Versioning for this data seems at least as important as versioning the JHU CSSE data set. A high percentage of the data updates to this data set are updates that would be characterized as "backfills" on the JHU CSSE data set, i.e., many updates are for days that precede the current date.

nmdefries commented 2 years ago

This source reports states/territories, New York state without New York City, and New York City by itself (see "Number of Jurisdictions Reporting"). Other sources report NYC separately also, so we've had to deal with this before, but we don't have a standard approach.

For flu indicators in the past, we've reported NYC as a "state" and NY state minus NYC as a separate "state".

On the other hand, for USAFacts, we report NY state as the sum of NYC and the rest of the state, and then try to report reasonable NYC county-, HRR-, and MSA-level values by breaking down the NYC value in different ways.

This CDC source doesn't report any regions smaller than state (no zip codes, counties, or other cities), so the NYC-derived values would be the only ones available at finer resolutions, and thus wouldn't be particularly useful. They would be more intuitive to use/access.

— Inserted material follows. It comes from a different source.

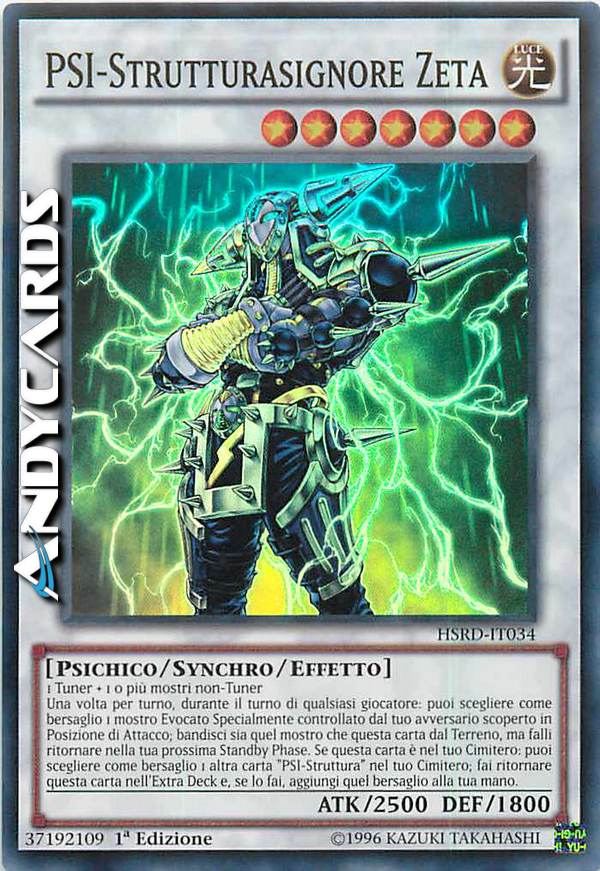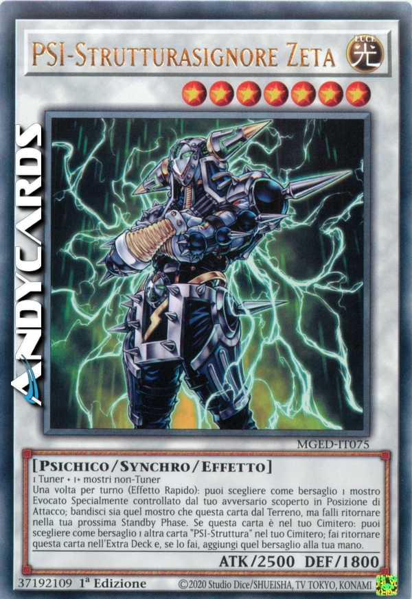 Una volta per turno, durante il turno di qualsiasi giocatore: puoi scegliere come bersaglio 1 mostro Evocato Specialmente controllato dal tuo avversario scoperto in Posizione di Attacco; bandisci sia quel mostro che questa carta dal Terreno, ma falli ritornare nella tua prossima Standby Phase. Se questa carta è nel tuo Cimitero: puoi scegliere come bersaglio 1 altra carta "PSI-Struttura" nel tuo Cimitero; fai ritornare questa carta nell'Extra Deck e, se lo fai, aggiungi quel bersaglio alla tua mano.

Preferences for which approach to use?

stevemcconnell commented 2 years ago

@nmdefries As you pointed out, other data sources treat NYC and NY state differently, and the teams are used to handling that variation. The important thing in my mind would be to clearly state which approach you are using so that teams don't accidentally exclude the NYC data. Personally, I don't see much value in single-casing NYC as the only exception to state-level reporting, so my personal preference would be to combine them.